*TO DO*.
For the listing below, print exactly the lines from the line with "Cambodian Deputy Prime" to the line with "Với dư nợ hợp", both included, and nothing beyond them.

*DATA PROVIDED*.
:::

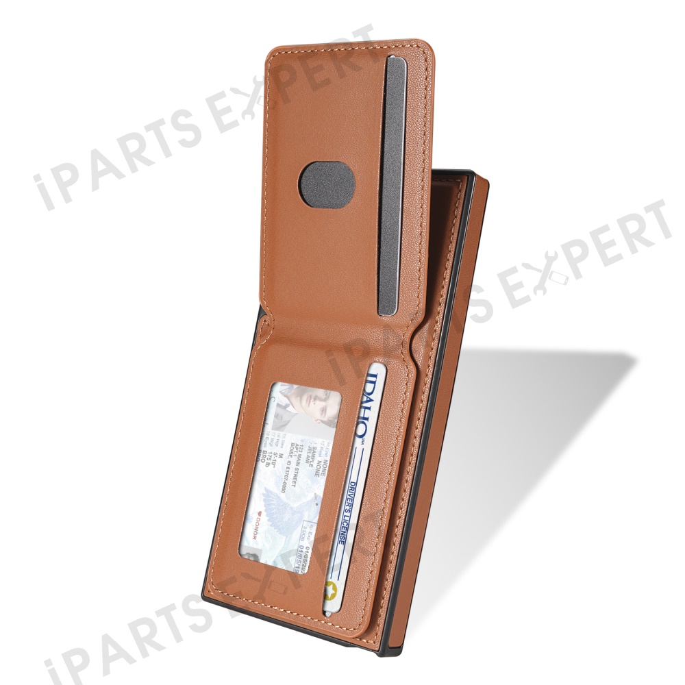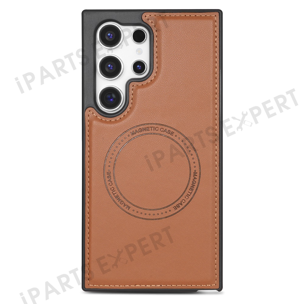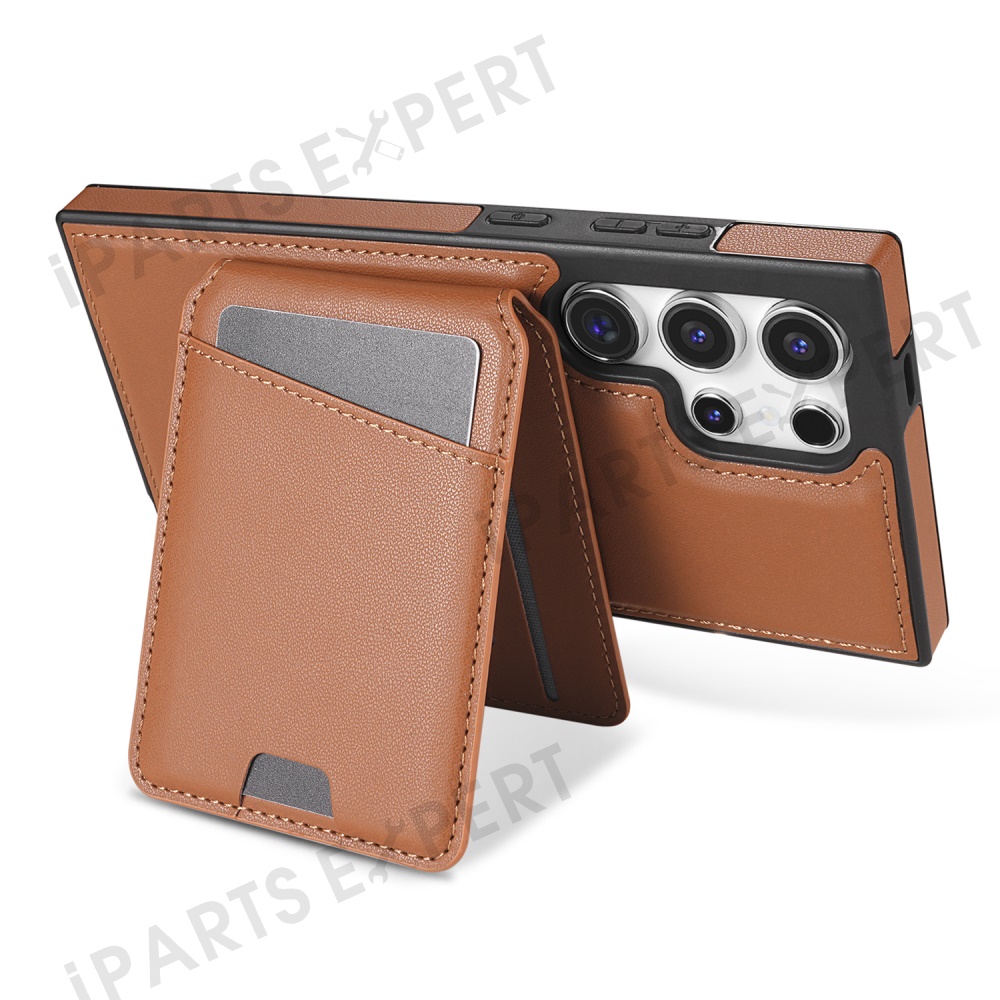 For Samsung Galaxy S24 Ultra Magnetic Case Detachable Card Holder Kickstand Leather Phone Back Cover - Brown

:::

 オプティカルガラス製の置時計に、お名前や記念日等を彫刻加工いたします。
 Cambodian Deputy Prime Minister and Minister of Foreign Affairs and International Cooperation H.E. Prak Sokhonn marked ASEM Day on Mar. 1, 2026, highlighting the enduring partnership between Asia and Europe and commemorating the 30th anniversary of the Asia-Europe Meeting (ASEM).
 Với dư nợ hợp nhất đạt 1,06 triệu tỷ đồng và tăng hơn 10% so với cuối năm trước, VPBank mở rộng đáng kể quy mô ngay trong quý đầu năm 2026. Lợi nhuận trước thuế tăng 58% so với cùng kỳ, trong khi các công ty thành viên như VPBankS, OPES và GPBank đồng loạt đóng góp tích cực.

:::

*OUTPUT*.
 Cambodian Deputy Prime Minister and Minister of Foreign Affairs and International Cooperation H.E. Prak Sokhonn marked ASEM Day on Mar. 1, 2026, highlighting the enduring partnership between Asia and Europe and commemorating the 30th anniversary of the Asia-Europe Meeting (ASEM).
 Với dư nợ hợp nhất đạt 1,06 triệu tỷ đồng và tăng hơn 10% so với cuối năm trước, VPBank mở rộng đáng kể quy mô ngay trong quý đầu năm 2026. Lợi nhuận trước thuế tăng 58% so với cùng kỳ, trong khi các công ty thành viên như VPBankS, OPES và GPBank đồng loạt đóng góp tích cực.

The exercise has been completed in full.